§ Instructions for the task
Please transcribe only the lines from the one holding "Ceremony Wear Off" through the final line of the data, both included, with no pictures.
[Information provided]
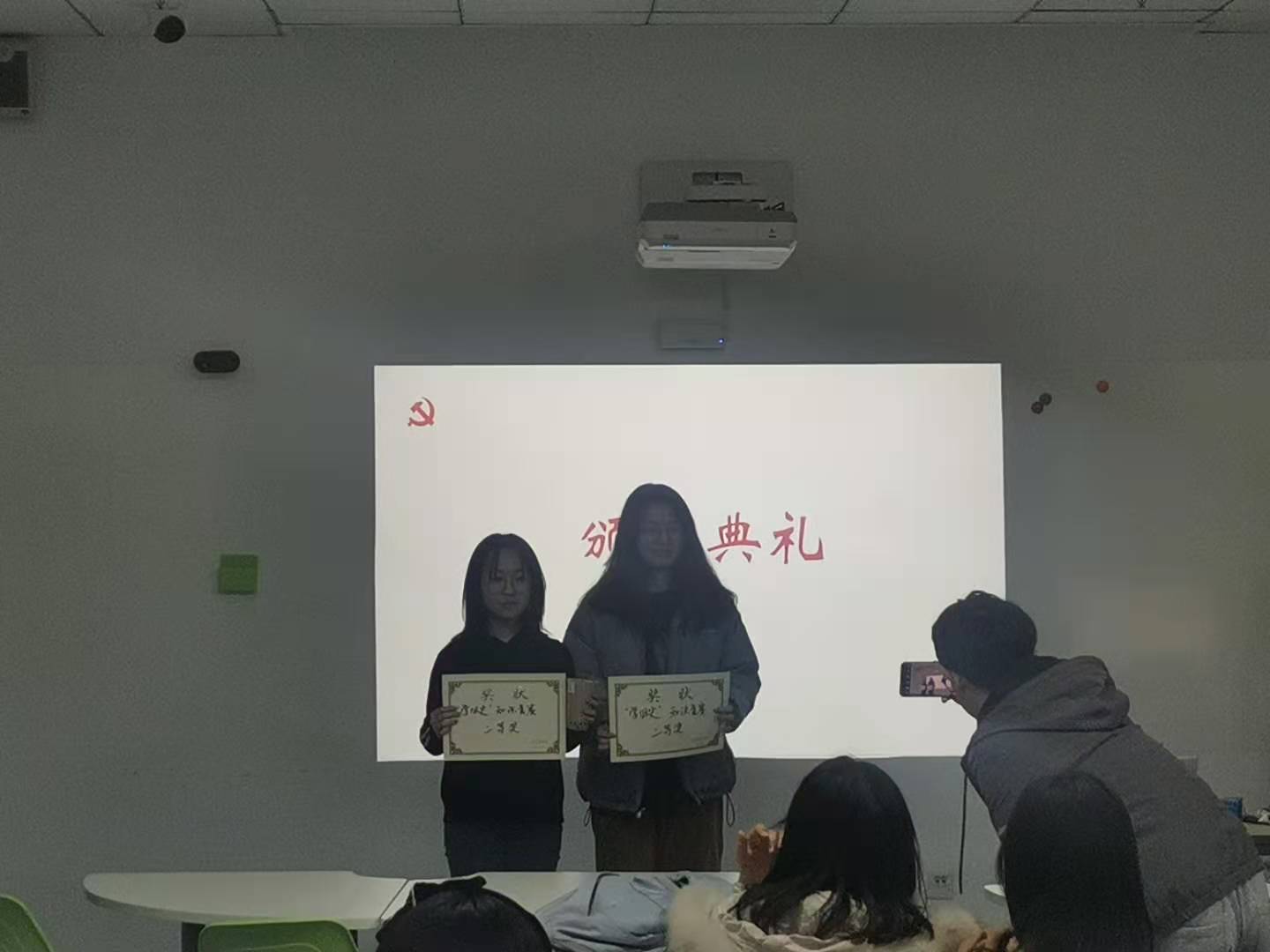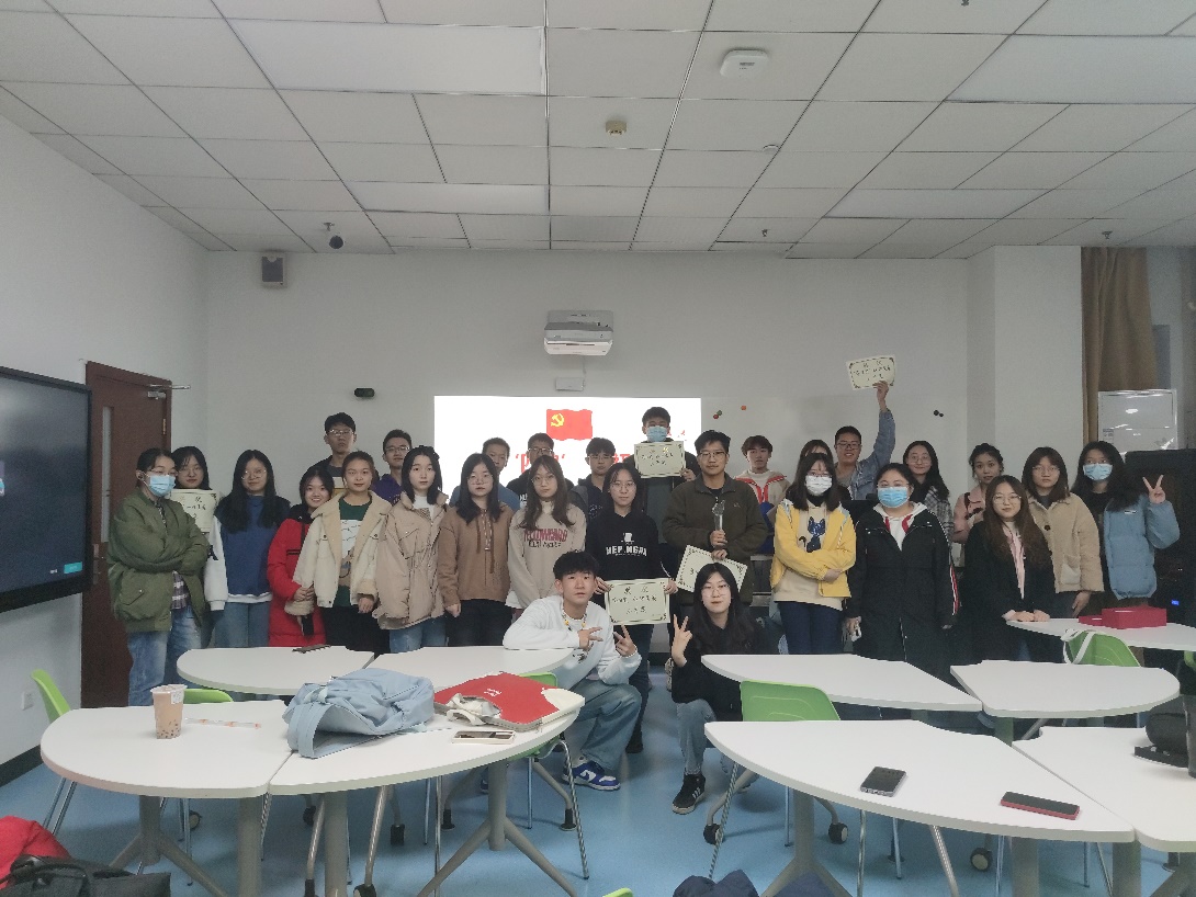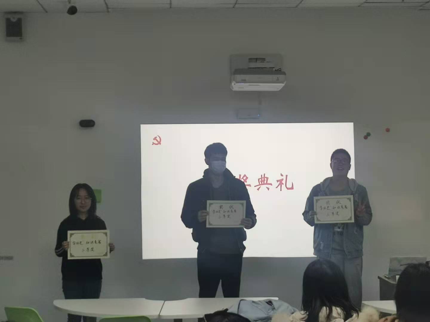 最后是第三项议程,学四史,守初心知识竞赛。这场比赛共分为两轮,每轮各20题,答对一题积一分,答错不扣分。两轮比赛结束后,按得分高低依次选出六名同学分获一等奖、二等奖、三等奖并颁发相应奖品。答题形式为举手抢答,由主持人选定第一个举手抢答的同学回答问题。回答错误则继续抢答,直至出现正确答案。在整个比赛过程中,每个同学都积极举手,展现着自己对党史的深刻理解,表达着自己对党史学习的热情。最后经过两轮的激烈角逐,一等奖由何谦同学获得,二等奖由蒙启迪同学和张玲同学获得,三等奖在经过了一场激烈的加时赛之后由丰硕同学,陈晓瑶同学和罗森华同学获得。在颁奖典礼上,奖状和奖杯由学习委员薛芝婷为获奖的同学颁发。至此,信管192班级的“学四史,守初心”主题团日到此结束。
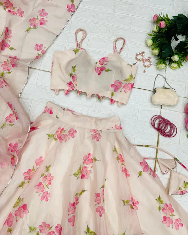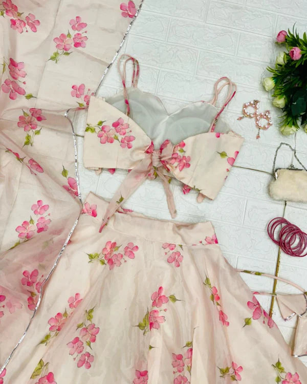 Ceremony Wear Off White Color organza silk Lehenga Choli
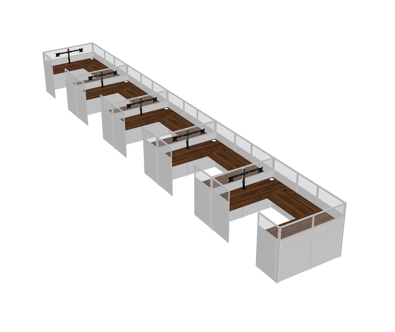 Columbia Walnut U-shaped Panel System For 5 Person + Monitor Arm (double Arms) For 5 User(s)
[/Information provided]
§ Solution to this exercise
 Ceremony Wear Off White Color organza silk Lehenga Choli
 Columbia Walnut U-shaped Panel System For 5 Person + Monitor Arm (double Arms) For 5 User(s)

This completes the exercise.